[Saved data entries]

####

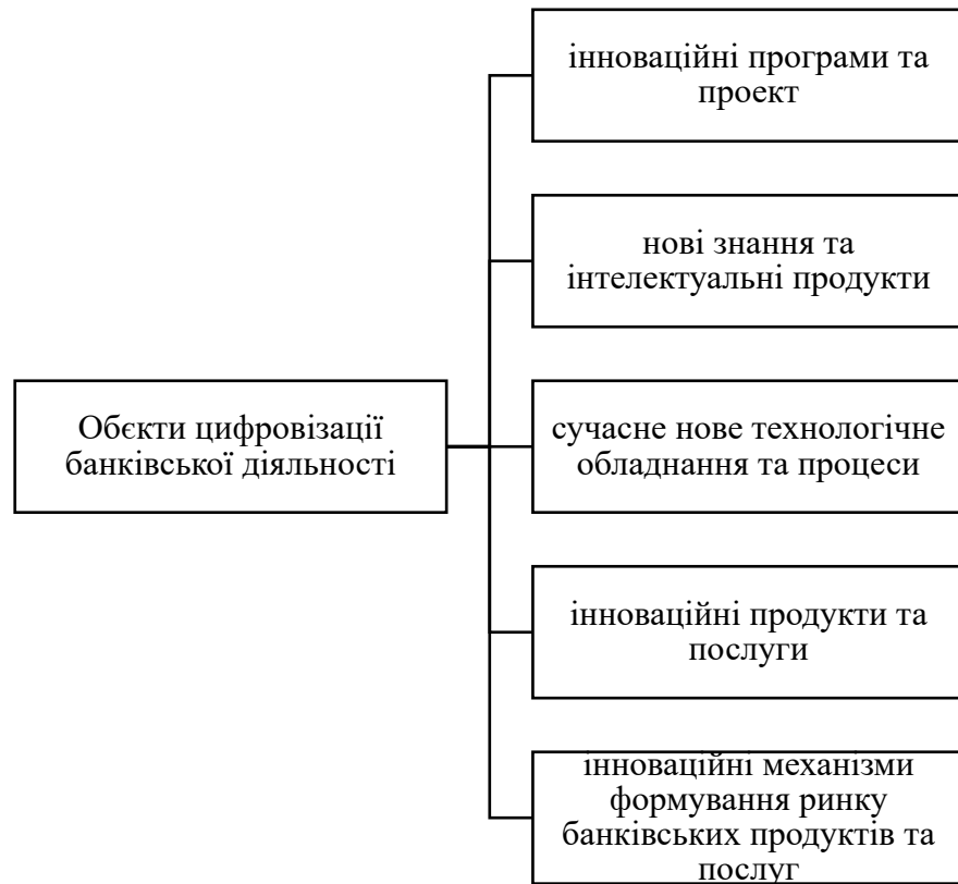
Рис. 1. Об'єкти цифровізації банківської діяльності
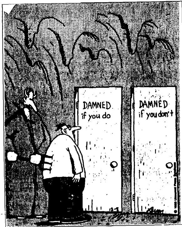
«Allez, allez. C'est l'une ou l'autre.»

...et à prendre les décisions qui s'imposent.
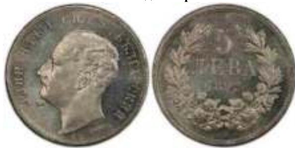
5 Лева 1892 Известен один вариант
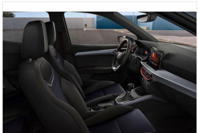
Düsseldorf-Automeile GOTTFRIED SCHULTZ
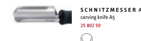
SCHNITZMESSER A5 carving knife A5 25 802 50
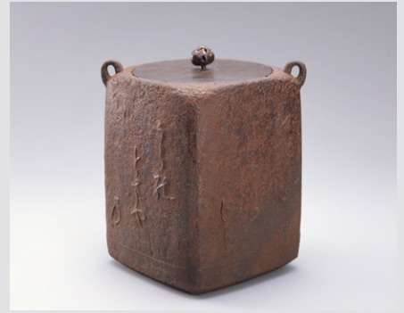
こてんみょうじゅうおうぐちがま 古天明十王口釜 1口 鑄鉄 日本・室町時代 16世紀 根津美術館蔵

柔らかく角を面取りして四方にした釜は、利休好みと言われている。胴の各面には「新古今和歌集」の藤原定家の歌を鑄出している。
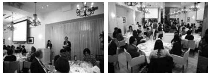
シャトー ラグランジュ チャリティワイン会の様子 The Chateau Lagrange Charity Wine Party.

By November, another long-awaited task was completed; the conversion of the website, as well as the installment of a customer management tool on Salesforce in order to fully transfer the data. For the BOOKMAGIC project, we raised 1,773,438 yen from book donations from 400 participants, and raised 745,436 yen from 385 participants for the Fashion Charity Program. From next year, we will further develop and strengthen the PR for these projects to attract more participants.
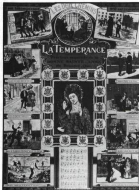
Les sociétés de tempérance des diocèses de la province distribuèrent des illustrations moralisatrices à leurs nouveaux adhérents. Image polychrome de L.-A. Morissette intitulée Les deux chemins présentant 10 scènes dichotomiques sur la tempérance. Ministère des Affaires culturelles, Québec.

Pour ouvrir une première brèche, ils prêchèrent contre la coutume de «traiter» au Jour de l'An: peu à peu, les consommations se rarifièrent à tel point dans les salons qu'on jugea de mauvais goût d'offrir «un petit verre» aux invités et aux visiteurs.
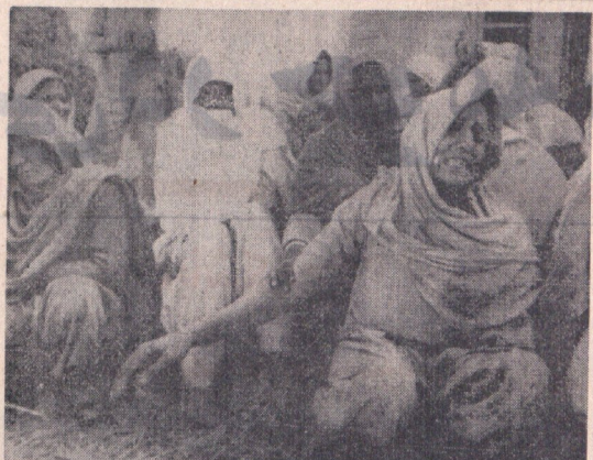
انزرویسی خارج‌وزیر نامه اطلاعات

فرانکوئیزین هتج جنگ در کردنه که خیر داکا بمناقصه نیرو های هندی برآمده است ولی بدون کوشش نظامی ایلام نشاندهنده در همه جهه ها به پیکار ادامه خواهند داد.
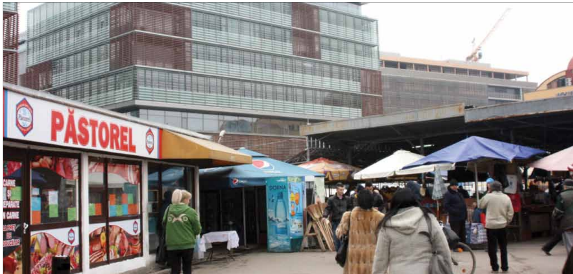
În Piața 700 clădirile de birouri de lux se îmbină nefericit cu buticurile și piața agro-alimentară spre disperarea arhitecților

####

• [REQUIRED WORK]:
Without the pictures, copy out each entry exactly as it stands.

• [RESPONSE]:
Рис. 1. Об'єкти цифровізації банківської діяльності
«Allez, allez. C'est l'une ou l'autre.»

...et à prendre les décisions qui s'imposent.
5 Лева 1892 Известен один вариант
Düsseldorf-Automeile GOTTFRIED SCHULTZ
SCHNITZMESSER A5 carving knife A5 25 802 50
こてんみょうじゅうおうぐちがま 古天明十王口釜 1口 鑄鉄 日本・室町時代 16世紀 根津美術館蔵

柔らかく角を面取りして四方にした釜は、利休好みと言われている。胴の各面には「新古今和歌集」の藤原定家の歌を鑄出している。
シャトー ラグランジュ チャリティワイン会の様子 The Chateau Lagrange Charity Wine Party.

By November, another long-awaited task was completed; the conversion of the website, as well as the installment of a customer management tool on Salesforce in order to fully transfer the data. For the BOOKMAGIC project, we raised 1,773,438 yen from book donations from 400 participants, and raised 745,436 yen from 385 participants for the Fashion Charity Program. From next year, we will further develop and strengthen the PR for these projects to attract more participants.
Les sociétés de tempérance des diocèses de la province distribuèrent des illustrations moralisatrices à leurs nouveaux adhérents. Image polychrome de L.-A. Morissette intitulée Les deux chemins présentant 10 scènes dichotomiques sur la tempérance. Ministère des Affaires culturelles, Québec.

Pour ouvrir une première brèche, ils prêchèrent contre la coutume de «traiter» au Jour de l'An: peu à peu, les consommations se rarifièrent à tel point dans les salons qu'on jugea de mauvais goût d'offrir «un petit verre» aux invités et aux visiteurs.
انزرویسی خارج‌وزیر نامه اطلاعات

فرانکوئیزین هتج جنگ در کردنه که خیر داکا بمناقصه نیرو های هندی برآمده است ولی بدون کوشش نظامی ایلام نشاندهنده در همه جهه ها به پیکار ادامه خواهند داد.
În Piața 700 clădirile de birouri de lux se îmbină nefericit cu buticurile și piața agro-alimentară spre disperarea arhitecților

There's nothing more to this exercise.